According to the present invention there is provided a retrofit heat transfer unit, including: (a) a housing for the retrofit unit, including: a water inlet port, a water outlet port, a refrigerant inlet port and a refrigerant outlet port; (b) a water pump, in fluid communication with the water inlet port, the water pump adapted to pump water from a water source; (c) a heat exchanger, in fluid communication with the water pump, the water outlet port, the refrigerant inlet port and the refrigerant outlet port; and (d) a thermostat, configured to measure a temperature of the pumped water, pumped from the water source, such that the water pump is configured to pump water from the water source when the pumped water is below a predefined low temperature and cease to pump the water when the pumped water is above a predefined high temperature, and where the retrofit unit is adapted to receive heated refrigerant fluid from an air conditioner at the refrigerant inlet port and direct the received heated refrigerant fluid through the heat exchanger and further adapted to direct the pumped water into the heat exchanger such that heat from the heated refrigerant fluid is transferred to the water, pumped into the heat exchanger, cooling the heated refrigerant fluid and heating the water, the heated water exiting the housing via the water outlet port.

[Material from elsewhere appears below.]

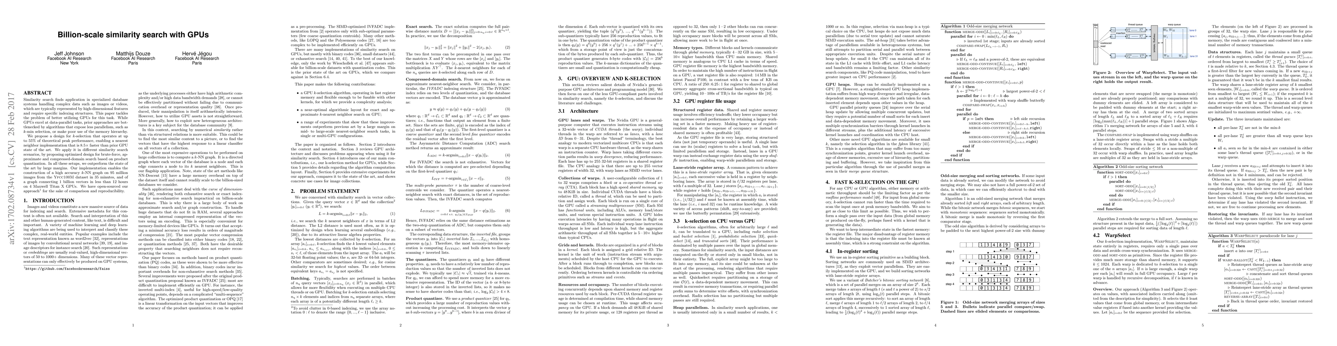 Similarity search finds application in specialized database systems handling complex data such as images or videos, which are typically represented by high-dimensional features and require specific indexing structures. This paper tackles the problem of better utilizing GPUs for this task. While GPUs excel at data-parallel tasks, prior approaches are bottlenecked by algorithms that expose less parallelism, such as k-min selection, or make poor use of the memory hierarchy. We propose a design for k-selection that operates at up to 55% of theoretical peak performance, enabling a nearest neighbor implementation that is 8.5x faster than prior GPU state of the art. We apply it in different similarity search scenarios, by proposing optimized design for brute-force, approximate and compressed-domain search based on product quantization. In all these setups, we outperform the state of the art by large margins. Our implementation enables the construction of a high accuracy k-NN graph on 95 million images from the Yfcc100M dataset in 35 minutes, and of a graph connecting 1 billion vectors in less than 12 hours on 4 Maxwell Titan X GPUs. We have open-sourced our approach for the sake of comparison and reproducibility.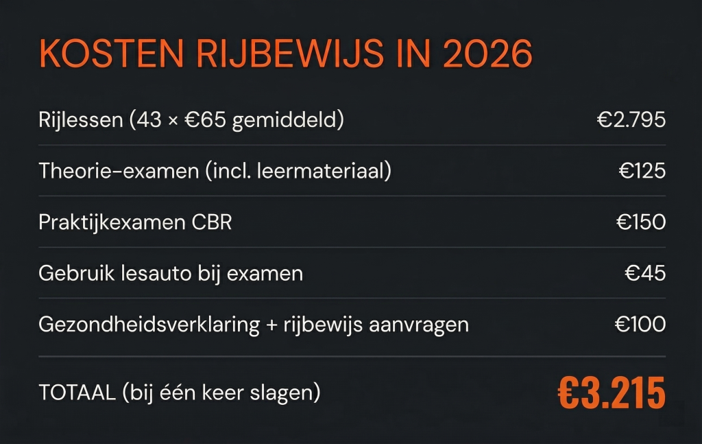 Een rijbewijs bestaat uit meer kosten dan alleen de rijlessen zelf. Je betaalt ook voor het theorie-examen, het praktijkexamen bij het CBR, de gezondheidsverklaring en de aanvraag van het rijbewijs bij de gemeente. Wie niet in één keer slaagt voor het praktijkexamen, betaalt bovendien opnieuw €138,50 voor een herexamen. Ongeveer de helft van alle examenkandidaten slaagt niet bij de eerste poging, zo blijkt uit cijfers van het CBR. De totale rekening kan daarmee flink oplopen.

According to further features in preferred embodiments of the invention described below the heat exchanger is a co-axial coil heat exchanger or a plate heat exchanger.

According to still further features in the described preferred embodiments the source is a domestic water heater.

According to still further features the air conditioner has a cooling function and a heating function for electively cooling and heating an indoor space.

According to still further features the retrofit unit is configured to receive the heated refrigerant via the refrigerant inlet port from the air conditioner when the air conditioner is in a cooling state or heating state.

According to still further features a differential between the predefined low temperature and the predefined high temperature is in a range between about 5° C. and 20° C.

According to still further features the water source is a water supply line from an outdoor water provider and wherein the unit further includes: (e) a valve configured to admit water from the supply line when heated water is being drawn from a water heater to a domestic water distribution system, wherein the water heater is operationally coupled to the retrofit unit via the water inlet port and the water outlet port.

According to still further features the unit further includes a switch for electively activating and deactivating the thermostat.

According to still further features the unit further includes (e) a pressostat, configured to deactivate an outdoor cooling fan of the air conditioner when pressure in outdoor coils of the air conditioner is below a predefined compression pressure. Further including a means for circumventing the pressostat.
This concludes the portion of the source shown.